# ACTION ITEM:
From the material below, return exactly the lines starting at the one that holds "Cable Management Box" and ending at the one that holds "Exam Duty |". Pictures stay out of the answer.

# THE RECORDS:
***
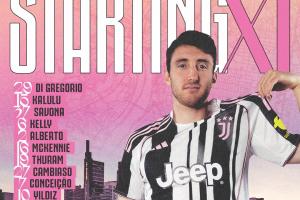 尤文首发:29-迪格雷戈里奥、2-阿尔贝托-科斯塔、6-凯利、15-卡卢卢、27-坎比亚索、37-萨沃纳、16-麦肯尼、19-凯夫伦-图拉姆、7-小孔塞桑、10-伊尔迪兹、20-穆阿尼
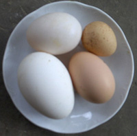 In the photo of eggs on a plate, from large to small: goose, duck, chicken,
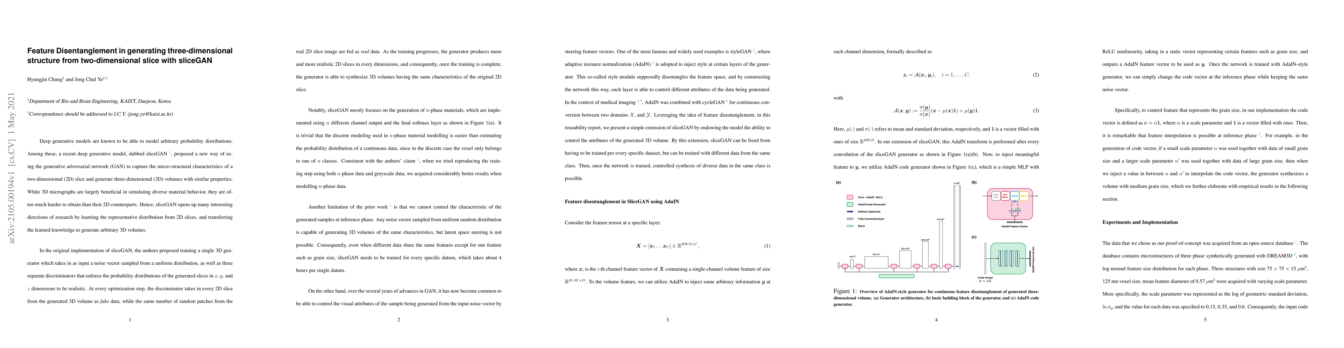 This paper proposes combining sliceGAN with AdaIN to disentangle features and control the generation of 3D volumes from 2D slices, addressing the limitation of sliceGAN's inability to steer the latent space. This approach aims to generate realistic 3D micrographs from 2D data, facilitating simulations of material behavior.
***
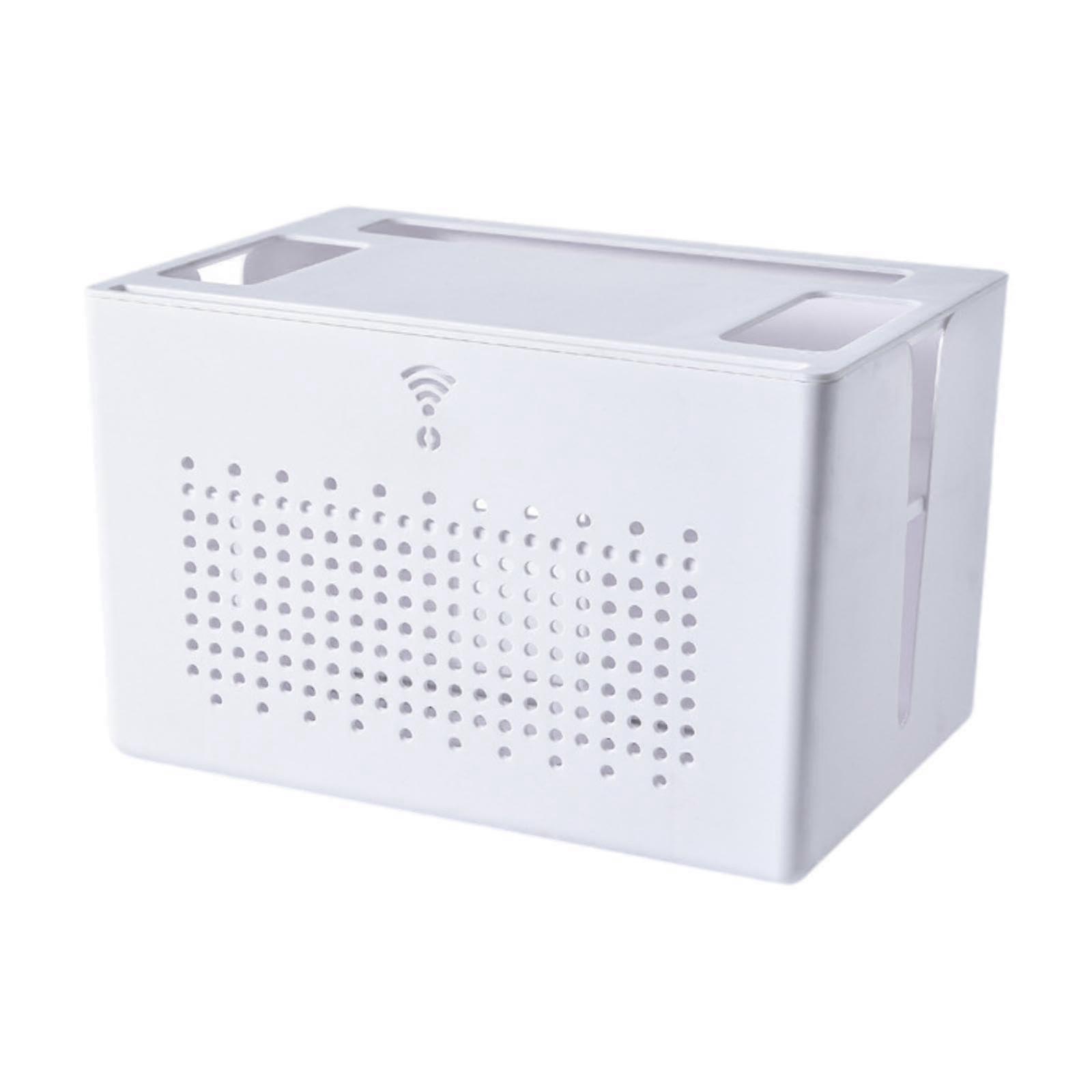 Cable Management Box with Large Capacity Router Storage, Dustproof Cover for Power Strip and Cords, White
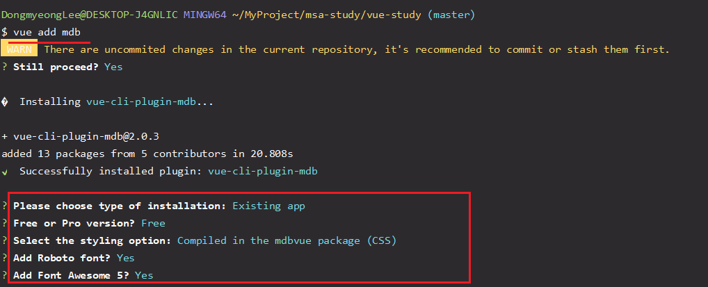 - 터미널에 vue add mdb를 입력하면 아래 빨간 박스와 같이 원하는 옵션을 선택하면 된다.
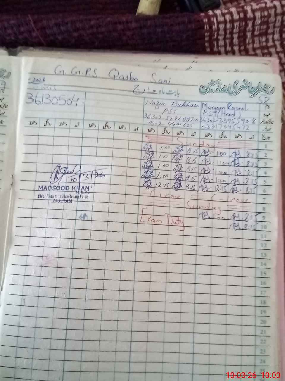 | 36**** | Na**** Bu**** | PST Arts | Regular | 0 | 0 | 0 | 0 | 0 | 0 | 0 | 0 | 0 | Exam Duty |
***
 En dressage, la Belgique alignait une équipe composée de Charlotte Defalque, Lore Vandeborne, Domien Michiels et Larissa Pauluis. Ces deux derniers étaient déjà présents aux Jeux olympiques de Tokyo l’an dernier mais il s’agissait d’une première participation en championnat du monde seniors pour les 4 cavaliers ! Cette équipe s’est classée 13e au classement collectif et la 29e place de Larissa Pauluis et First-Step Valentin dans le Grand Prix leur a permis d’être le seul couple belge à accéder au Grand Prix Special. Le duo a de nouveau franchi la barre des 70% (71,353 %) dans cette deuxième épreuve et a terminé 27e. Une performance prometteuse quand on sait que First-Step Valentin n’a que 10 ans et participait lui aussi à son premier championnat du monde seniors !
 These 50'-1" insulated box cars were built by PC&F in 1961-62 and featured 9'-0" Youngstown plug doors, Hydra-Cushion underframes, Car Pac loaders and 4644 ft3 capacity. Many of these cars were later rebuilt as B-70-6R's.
***
# WRITTEN ANSWER:
 Cable Management Box with Large Capacity Router Storage, Dustproof Cover for Power Strip and Cords, White
 - 터미널에 vue add mdb를 입력하면 아래 빨간 박스와 같이 원하는 옵션을 선택하면 된다.
 | 36**** | Na**** Bu**** | PST Arts | Regular | 0 | 0 | 0 | 0 | 0 | 0 | 0 | 0 | 0 | Exam Duty |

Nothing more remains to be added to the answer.